The conflict between Iran, the U.S., and Israel has led to the closure of the Strait of Hormuz, disrupting global energy supplies.

This blockade represents a critical failure in maritime security that threatens the global economy. By cutting off a primary artery for fossil fuels, the war has triggered worldwide inflation and severe fuel shortages in dependent nations.

War-related strikes and blockades have effectively shut the Strait of Hormuz, a key maritime chokepoint. This closure has disrupted approximately 20% [1] of global oil and gas flows.
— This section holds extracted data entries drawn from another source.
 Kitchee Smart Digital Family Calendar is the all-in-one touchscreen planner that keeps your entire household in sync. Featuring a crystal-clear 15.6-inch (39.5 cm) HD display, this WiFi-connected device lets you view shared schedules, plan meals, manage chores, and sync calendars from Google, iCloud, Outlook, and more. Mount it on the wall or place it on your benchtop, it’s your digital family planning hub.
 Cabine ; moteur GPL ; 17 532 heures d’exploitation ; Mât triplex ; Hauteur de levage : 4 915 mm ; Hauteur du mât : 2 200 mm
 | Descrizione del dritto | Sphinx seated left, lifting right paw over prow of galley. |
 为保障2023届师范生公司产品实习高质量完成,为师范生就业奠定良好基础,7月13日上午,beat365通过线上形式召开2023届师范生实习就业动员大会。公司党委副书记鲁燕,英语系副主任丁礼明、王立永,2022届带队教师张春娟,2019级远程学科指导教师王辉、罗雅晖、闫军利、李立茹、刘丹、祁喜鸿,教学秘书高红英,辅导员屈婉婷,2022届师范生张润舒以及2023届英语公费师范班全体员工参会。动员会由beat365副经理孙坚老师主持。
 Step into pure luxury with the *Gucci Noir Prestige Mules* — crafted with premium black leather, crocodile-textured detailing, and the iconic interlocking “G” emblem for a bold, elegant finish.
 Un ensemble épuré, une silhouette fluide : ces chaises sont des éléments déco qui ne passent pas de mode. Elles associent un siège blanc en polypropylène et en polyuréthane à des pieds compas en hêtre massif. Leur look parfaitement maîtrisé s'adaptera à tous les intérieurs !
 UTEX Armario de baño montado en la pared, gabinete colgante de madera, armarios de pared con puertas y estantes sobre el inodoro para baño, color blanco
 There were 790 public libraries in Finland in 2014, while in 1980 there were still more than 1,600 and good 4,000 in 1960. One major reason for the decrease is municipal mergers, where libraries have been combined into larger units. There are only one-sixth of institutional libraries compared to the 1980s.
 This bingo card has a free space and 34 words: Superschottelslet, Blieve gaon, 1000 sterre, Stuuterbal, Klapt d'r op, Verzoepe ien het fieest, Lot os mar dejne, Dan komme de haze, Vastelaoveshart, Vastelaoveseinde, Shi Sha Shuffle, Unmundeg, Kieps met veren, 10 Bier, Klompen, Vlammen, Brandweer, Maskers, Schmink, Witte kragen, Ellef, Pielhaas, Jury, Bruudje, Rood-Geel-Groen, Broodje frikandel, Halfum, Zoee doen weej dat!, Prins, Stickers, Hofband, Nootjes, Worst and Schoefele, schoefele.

The disruption has occurred as the conflict entered its second month [2], leading to a worldwide energy crisis characterized by higher fuel prices and systemic inflation.

The impact is particularly acute in South Asia. India is currently facing a severe shortage of liquefied petroleum gas (LPG), which has forced the government to implement austerity measures to manage the remaining supply.

International observers said the crisis is accelerating a push to phase out fossil fuels. The vulnerability of the Strait of Hormuz has highlighted the risks associated with reliance on concentrated energy corridors, a vulnerability now felt by markets across the globe.

U.S. and Israeli forces, along with Iranian military assets, remain engaged in the region. The ongoing strikes on infrastructure continue to prevent the reopening of the waterway, ensuring that energy prices remain volatile as long as the blockade persists.

The closure has disrupted approximately 20% of global oil and gas flows.

The closure of the Strait of Hormuz demonstrates how geopolitical instability in a single maritime chokepoint can cause immediate, systemic economic shocks. For countries like India, the resulting LPG shortages and austerity measures underscore a critical dependency on foreign energy. This crisis likely serves as a catalyst for nations to accelerate their transition to renewable energy to mitigate the risks of future fossil fuel blockades.